It’s a fairly good idea for Dfinity products, like the proposals in this case, to wholly be on chain. That way, shortcomings and limitations in the capability of the chain to be flagged much earlier by Dfinity engineers working on Dfinity owned products. As opposed to third party devs discovering them while working on their own product and reporting and working with the core Dfinity engineers to alleviate and find solutions to these problems.

The reason is that these Dfinity engineers are more closely situated (both physically and influentially) to the core protocol Dfinity engineers to prioritize these capabilities, especially ones related to scalability and developer experience as they encounter them and help prioritize them on the roadmap.
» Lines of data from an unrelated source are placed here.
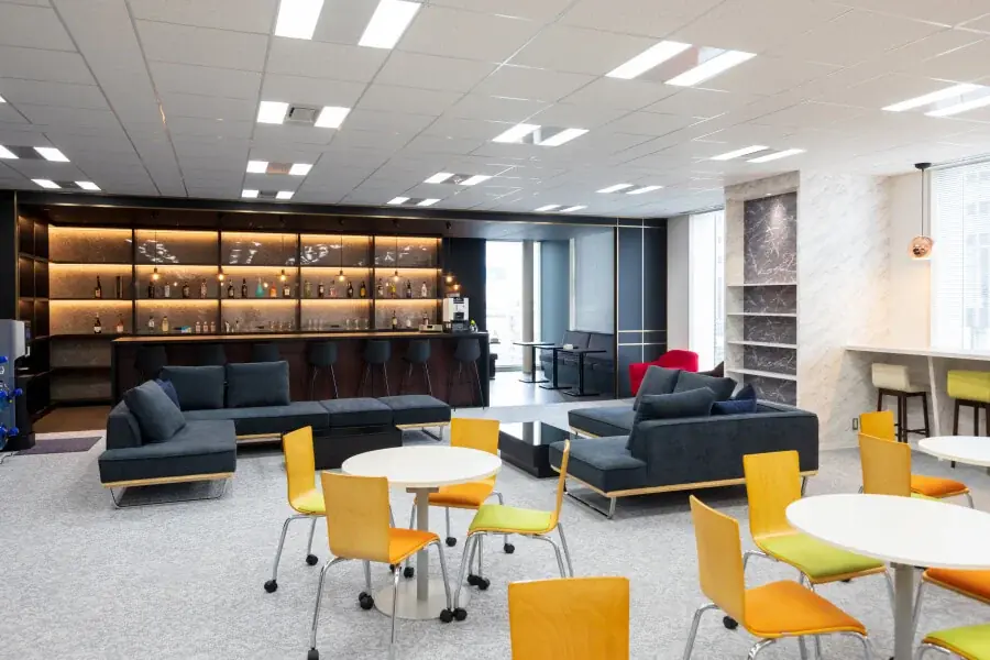 CBTソリューションズのオフィスは「社員ファースト」を基本に設計されており、ラウンジや執務エリアを中心に社員が交流しやすい空間設計が取り入れられています。昼間は打ち合わせやランチを通じた交流を促進し、夜間はバーカウンターでリラックスした交流ができるようになっています。
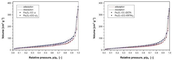 Moreover, the materials containing full dendrons of the first or second generation were analyzed for their porous features using the N2 adsorption/desorption method, which isotherms are presented in Figure 4, while the obtained porosity parameters are listed in Table 1. The effect of the dendrons’ generation on the porous properties of the materials is rather insignificant, which is proved by a high similarity of the corresponding isotherms obtained for the materials grafted with dendrons of the first and second generation. The pore size values calculated for the materials containing first-generation piperazine-dendrons are lower than those calculated for DETA-dendrons, which is connected with the branching character of both amines. Piperazine as the structurally compact amine creates the smaller cavities, while DETA triggers the creation of bigger pores since its attachment leads to branched units. On the other hand, the second coupling step promotes the formation of a bigger size for Fe3O4–(CC–p)2, while smaller for Fe3O4–(CC–DETA)2, which is connected with loosing and tightening of the dendrons, respectively. These findings are consistent with pore volume values, also listed in Table 1.
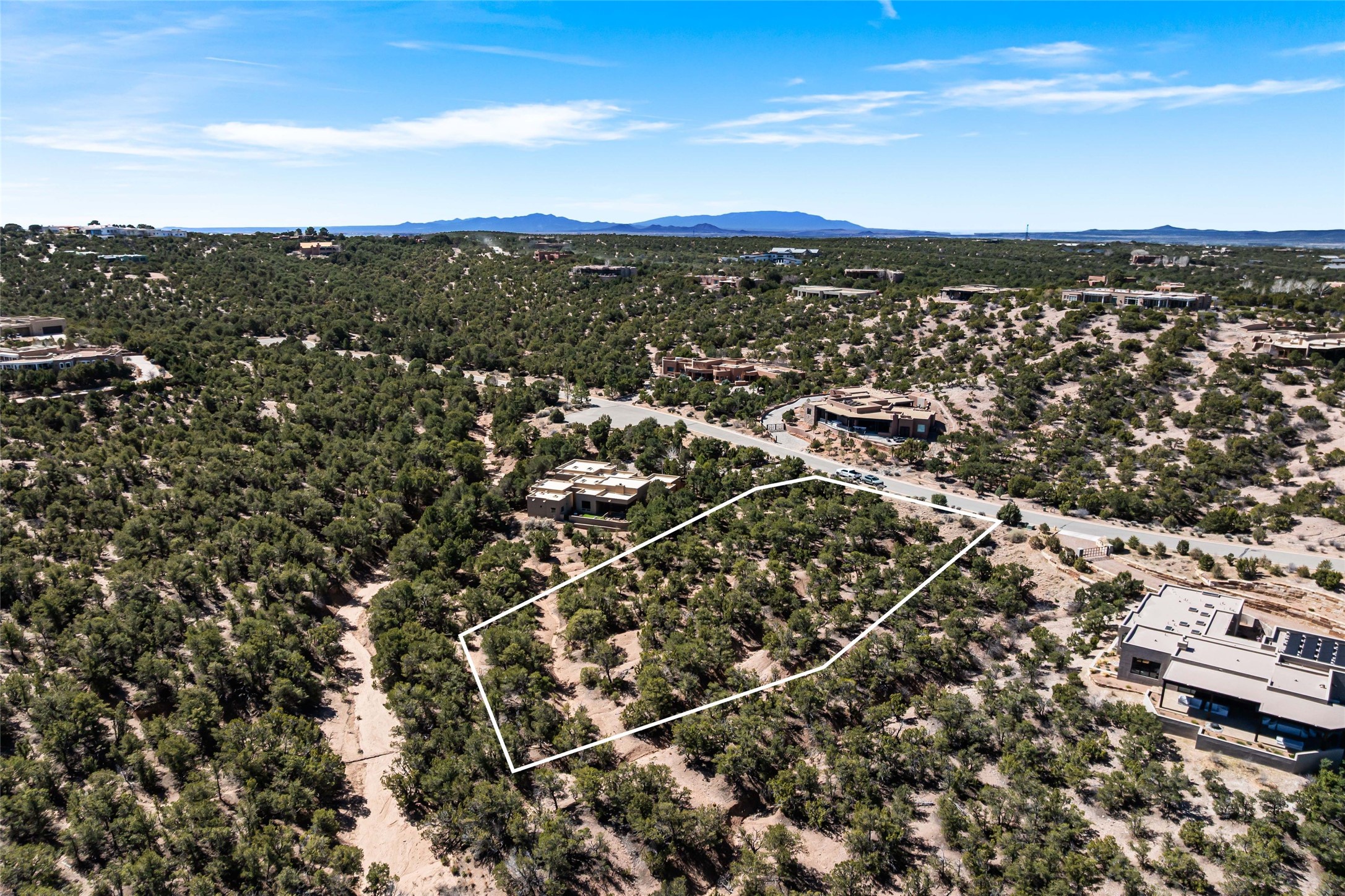Enjoy breathtaking views of the Sangre de Cristo Mountains from this exceptional 1.0+ acre Monte Sereno homesite. Perfectly positioned just minutes from the renowned dining, galleries, and cultural experiences of Santa Fe, this property offers the ideal blend of natural beauty and convenient access to town. Located within a well-planned community, the lot features paved roads, curbs and gutters, natural gas, city water and sewer, underground utilities, cable, and high-speed internet, making it ready for your vision to take shape. Bring your architect and design the custom home you've always imagined-whether a contemporary retreat or classic Santa Fe style- and create a place where stunning mountains views and Southwestern living come together.

I believe the term used for this is “dogfooding”. Unless this happens, the internal teams won’t truly appreciate the frustrations that third party developers run into while using and interacting with the IC and its ecosystem of tools and APIs.

The above is meant with the utmost respect and from someone who only wishes for the IC to suceed. :slight_smile:

Thanks for the feedback. Just to make sure I understand: are you suggesting that most things should be on chain because then the DFINITY engineers “dogfood” it more?

I am not sure I fully understand why “dogfooding” and “on-chain” are directly related: we can also “dogfood” use cases that require off-chain interaction or build things on-chain but never use them.

But I overall agree that it is a good idea if we can also try out our product.
I also agree that it can be a good idea to keep information on chain. I would maybe emphasise other reasons for this, such as the possibility to then have a verified history of the proposals on-chain that can be easily accessible.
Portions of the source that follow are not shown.